We'll make sure that happens. And so for me, instead of going oh, you idiot, like, well would you say something like that, it's very much like obviously this is a person that has absolutely no awareness that what he said was entirely sexist and inappropriate. But for me, I believe I needed to assist him in understanding how to kind of handle things rather than dismiss him or be rude or anything else. And I do have other younger women who are always with me, because wherever I go

take women with me. And I was also just watching them kind of watch me handle these situations should I have time and time again. So I've learned to actually just be very empathetic. I believe my role as a woman leader is also to assist those who struggle with women leaders understand how to interact with us, rather than dismissing them and being angry with them and marginalizing them.

Speaker 1

Oh my gosh, what a story.

Speaker 2

I wasn't always like that much.

Speaker 1

Were there any sort of like key moments that you look back on and think that that changed me in terms of how I think about responding to these ridiculous comments.

Speaker 2

Yeah. So I had another really intense situation with one of the investors who had put a lot of money in the business, and it was at a time in the business the share price had dropped and so he'd on paper he'd lost a lot of money. He was very angry. He came and he wanted up meeting with the board directors. So he came in and we sat down, and he was fuming. He was furious, and he was aiming all his quite vile anger and fury towards me

and was saying things like you should be sacked. I'm paying, and I pay for your children, and I pay for your standard of living. In all of this. It was just horrendous. And all the board members were just like, which are all male other than me, We're just like, what did we do? And then they were trying to be aggressive to him, and it wasn't what he was just making him more aggressive, and I realized, like I realized, man, he is just in pain because he has lost money.

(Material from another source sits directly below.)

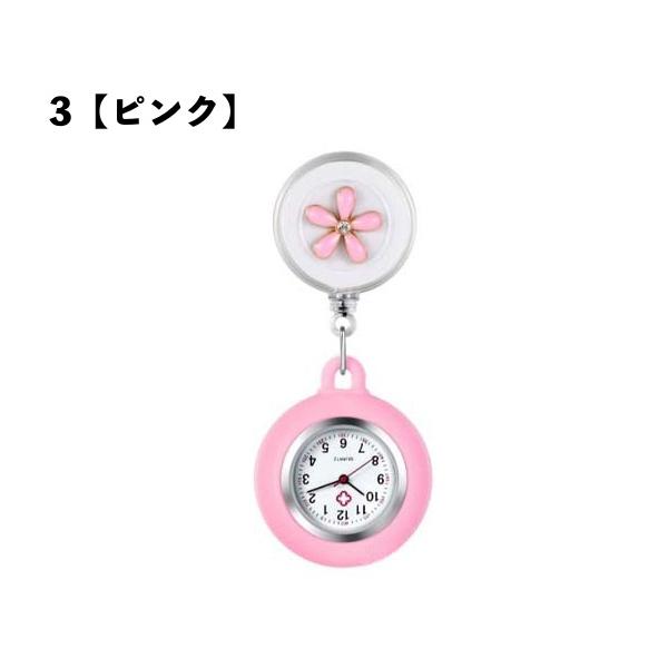 懐中時計 ポケットウォッチ ナースウォッチ 逆さ時計 リール 伸縮 クリップ アナログ 文字盤 フラワー お花 かわいい お洒落 レディース 女性 プ

And I'm the CEO. It's my responsibility. So I'm just going to own this shit right here, and I'm actually going to say how sorry I am. And so I got a bit emotional and I said that to the guy. I said, look, I'm really sorry. I hear that you're in a huge amount of pain because you've lost money in this investment and that's really really bad and it must be causing you all sorts of grief at home. And I'm the CEO. I'm responsible for that, and so I just want to say to you that I'm incredibly,

incredibly sorry for the pain that my leadership has caused you. Anyway, all the other directors going don't say that, doesn't it. And I just hailed him, and I was like a few tears in my eyes, and he immediately softened, and he immediately softened, and he was then emotional, and he walked around the table, came over and just gave me a big hug and said that's all I wanted to hear. I went, oh, my god, Okay, great, great, and then I walked him, you know, downstairs and out the door.

And when I came back, my chairman, who was a very experienced chairman, he said, I've never seen anything like that in my life, never seen anything like that. And I said, well, that was my genuine truth. I'm genuinely sorry that he was in so much pain, and his anger is coming from a place of loss, and I'm

responsible for that, so I'll own that. And so that was a really profound moment for me to realize to not just do all the corporate the way we're trained, which is much more a masculine way, which is don't admit anything, never be sorry, never show weakness, never be emotional. And I dropped all that because that would never work, and just was my genuine self and I was genuinely sorry that he was in pain. Genuinely sorry for all investors that lost money in any adventure that I've been in.

Also very happy for the ones who've made money pretty much I've been in. But for the ones who've lost money, you know that I really feel that. I take that as a personal a personal thing.

Speaker 1

Yeah, as a female leader, I know you have got a lot of female mentors, and you have been one of my female mentors, one of my most wonderful ones for the last ten years or however long we've known each other. What have been some of the most valuable lessons you've learned from the people that you look up to.

Speaker 2

Well, it's interesting that I haven't actually really had a mentor as such. I don't know why I do now that I'm working in these other fields that hopefully we'll talk about a little bit of time where I am being trained and mentored in a particular practice. But interesting enough, I didn't really have mentors in business, and that is probably because I was one of the early female entrepreneurs in Australia and we didn't really have that many mentors available.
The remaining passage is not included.